There's a few more details in the official Kafka documentation: https://kafka.apache.org/documentation/#theconsumer
To give some additional details on the replication factor, it doesn't have any relation whatsoever to the number of consumers receiving messages from the topic. Replication serves only one major purpose, and that is High Availability. So, let's say you have 3 brokers in a cluster, and for a topic my-topic you've set replication factor as 2. Now, if at-most one broker goes down at some point of time, you'd still be okay, as the messages are replicated in another broker for the topic.

How does offset work when I have multiple topics on one partition in Kafka?

I am trying to develop a better understanding of how Kafka works. To keep things simple, currently I am running Kafka on one Zookeeper with 3 brokers and one partition with duplication factor of 3. I learned that, in general, it's better to have number of partitions ~= number of consumers.
Question 1: Do topics share offsets in the same partition?
I have multiple topics (e.g. dogs, cats, dinosaurs) on one partition (e.g. partition 0). Now my producers have produced a message to each of the topics. "msg: bark" to dogs, "msg: meow" to cats and "msg: rawr" to dinosaurs. I noticed that if I specify dogs[0][0], I get back bark and if I do the same on cats and dinosaurs, I do get back each message respectively. This is an awesome feature but it contradicts with my understanding. I thought offset is specific to a partition. If I have pushed three messages into a partition sequentially. Shouldn't the messages be indexed with 0, 1, and 2? Now it seems me that offset is specific to a topic.
This is how I imagined it
['bark', 'meow', 'rawr']
In reality, it looks like this
['bark']
['meow']
['rawr']
But that can't be it. There must be something keeping track of offset and the actual physical location of where the message is in the log file.
Question 2: How do you manage your messages if you were to have multiple partitions for one topic?
In question 1, I have multiple topics in one partition, now let's say I have multiple partitions for one topic. For example, I have 4 partitions for the dogs topic and I have 100 messages to push to my Kafka cluster. Do I distribute the messages evenly across partitions like 25 goes in partition 1, 25 goes in partition 2 and so on...?
If a consumer wants to consume all those 100 messages at once, he/she needs to hit all four partitions. How is this different from hitting 1 partition with 100 messages? Does network bandwidth impose a bottleneck?
Thank you in advance
For your question 1: It is impossible to have multiple topics on one partition. Partition is part of topic conceptually. You can have 3 topics and each of them has only one partition. So you have 3 partitions in total. That explains the behavior that you observed.

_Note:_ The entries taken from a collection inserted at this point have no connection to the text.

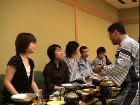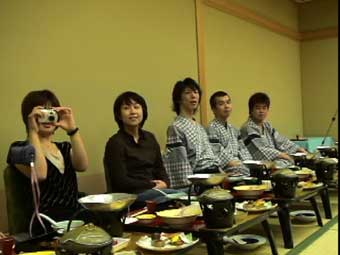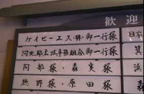 ソウルを想定して決められていた韓国事情に強い幹事のお二人が企画した国内旅行は、 下呂温泉一泊二日。 果たして、少し肌寒くなりつつあった2003年10月10日(金)午前9時、社長の強い要望で貸し切りバスをチャーターし、JR桃谷駅近くから目的地・岐阜の下呂へ向けて出発! (記事:田庭) |
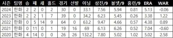 LG 장시환의 주요 투구기록(출처:야구기록실 kbreport)
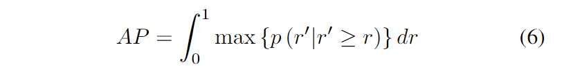 通常情况下,使用AP度量来评估目标检测性能。根据[1],AP度量可表述为:
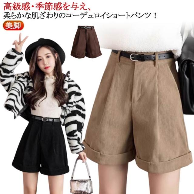 ショートパンツ レディース 秋冬 コーデュロイパンツ あったか ハーフパンツ コーデュロイ コーデュロイ ワイド コーデュロイショートパンツ 膝上 ハイウエスト ハイウエストハーフパンツ ワイドシルエット レディース ワイドパンツ 短パン ボトムス 美脚 暖かい
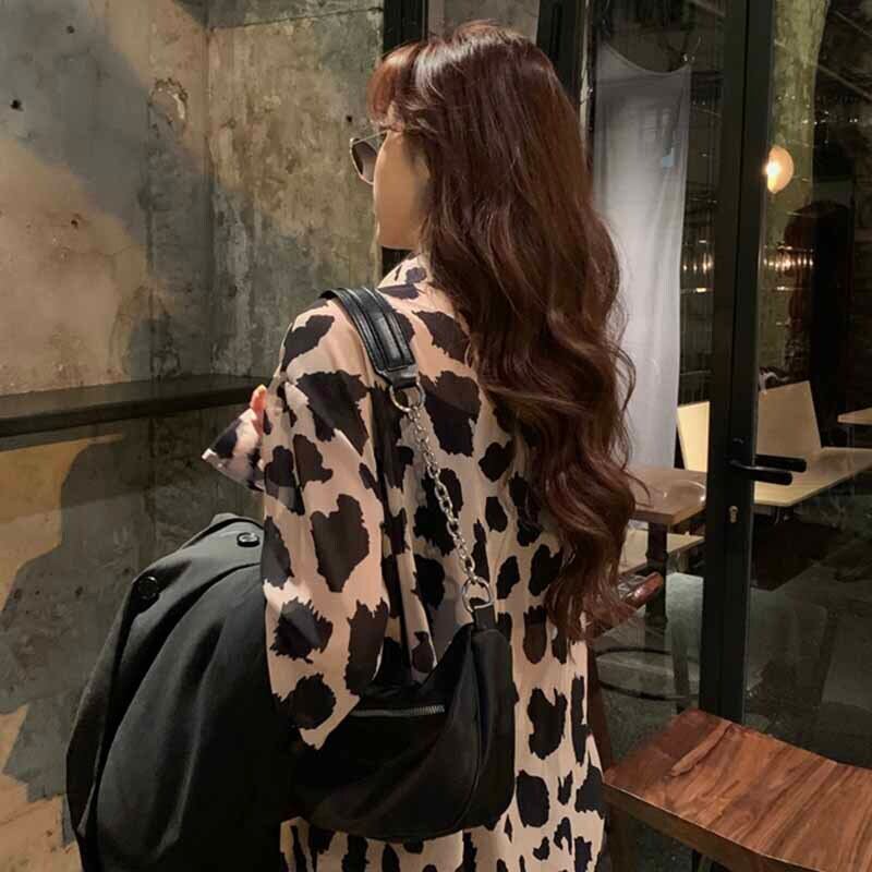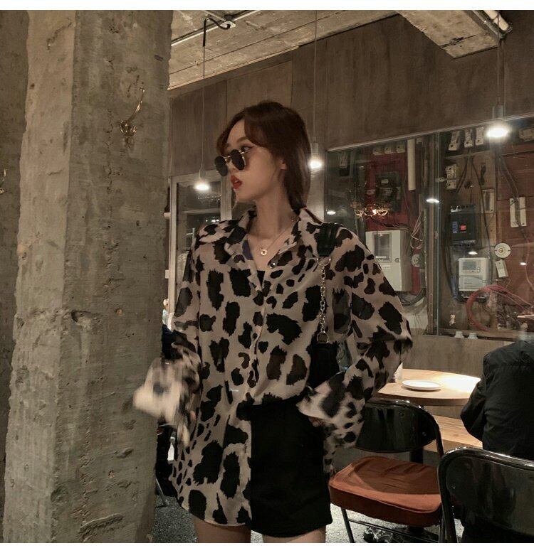 スタンダードレオパードシャツ スプリングレディーストレンドルーズ薄手 ロング レッド レトロ 春物 長袖 コーデ marchs6762036751871
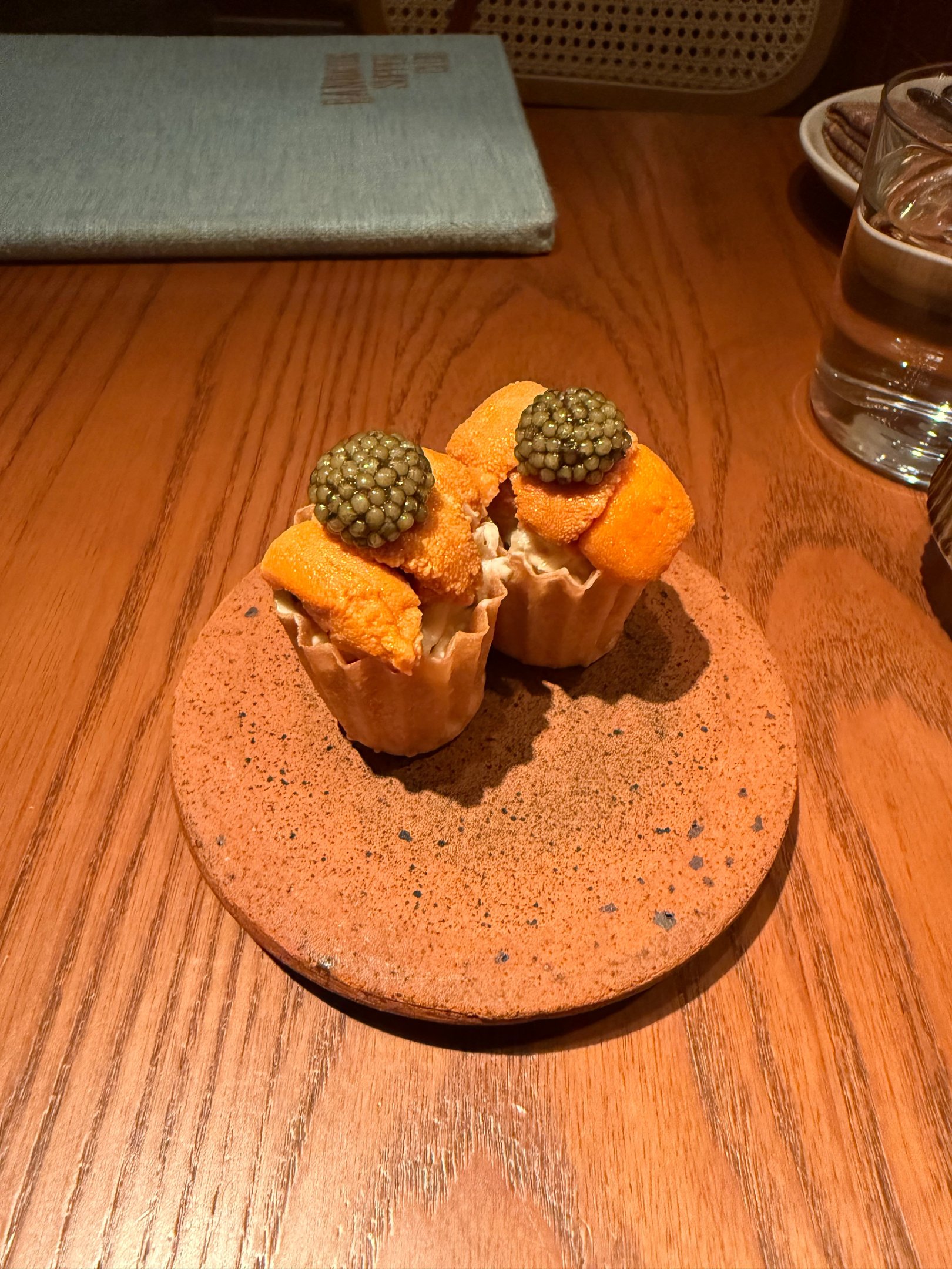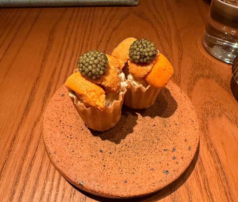 Top Row: Uni and Crab Tartlet, Khao Mun Gai, Pork Jowl ; Bottom Row: Beef Cheeks Massaman Curry, Bok Choy, Interior
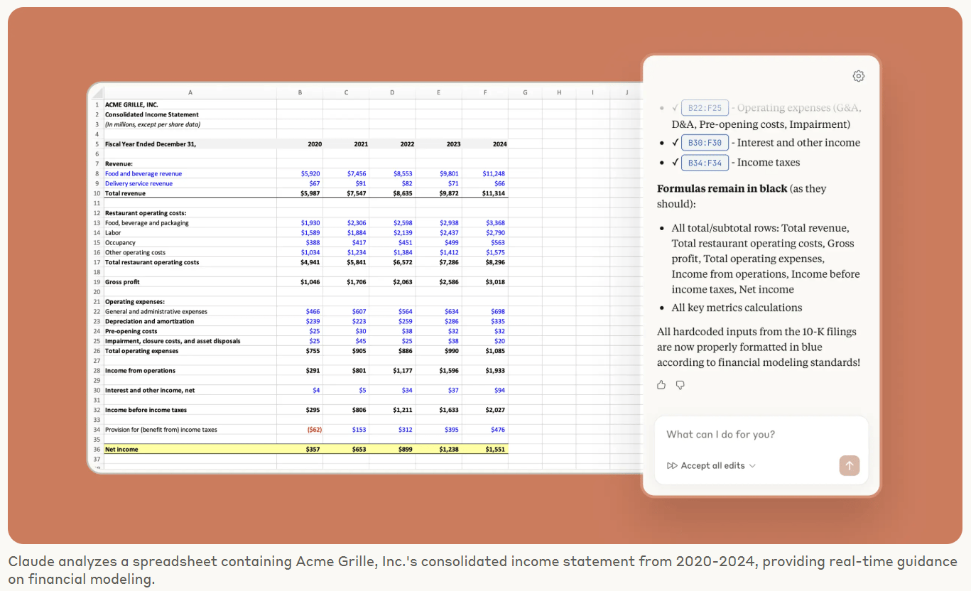 The new Excel sidebar integration allows Claude to read, analyze, modify, and create workbooks while maintaining full transparency about every change it makes. Users can review explanations, track cell references, and instantly see how formulas are adjusted.
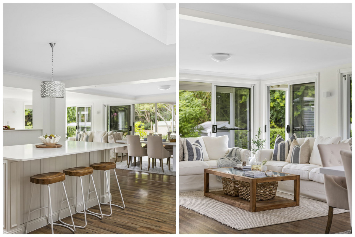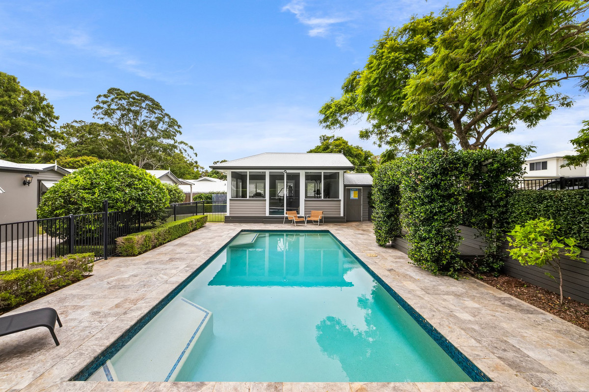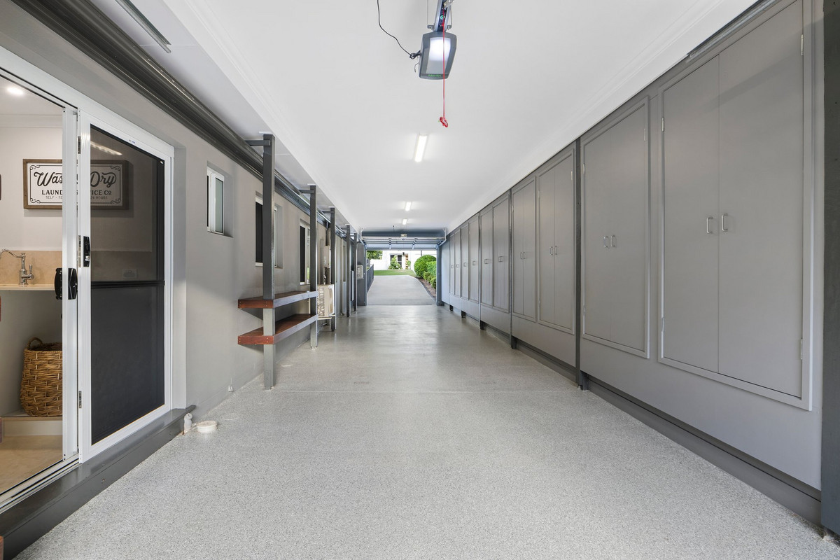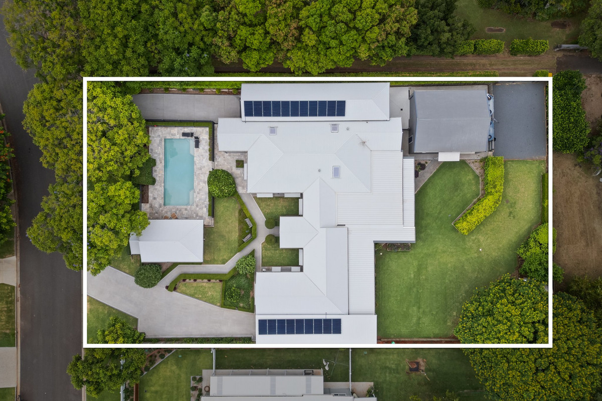 Beyond the walls of this magnificent home, an outdoor oasis awaits. The sundrenched alfresco area invites effortless entertaining, overlooking the sprawling lawns and greenery, while a charming chicken coop adds a touch of country charm to this luxurious sanctuary The travertine-finished pool shimmers under the Queensland sun that is coupled with an elegant pool house, offering a serene retreat for relaxation or lively gatherings.

For your question 2: AT the producer side, if a valid partition number is specified that partition will be used when sending the record. If no partition is specified but a key is present, a partition will be chosen using a hash of the key. If neither key nor partition is present a partition will be assigned in a round-robin fashion. Now the number of partitions decides the max parallelism. There is a concept called consumer group, which can have multiple consumers in the same group consuming the same topic. In the example you gave, if your topic has only one partition, the max parallelism is one and only one consumer in the consumer group will receive messages (100 of them). But if you have 4 partitions, you can have up to 4 consumers, one for each partition and each receives 25 messages.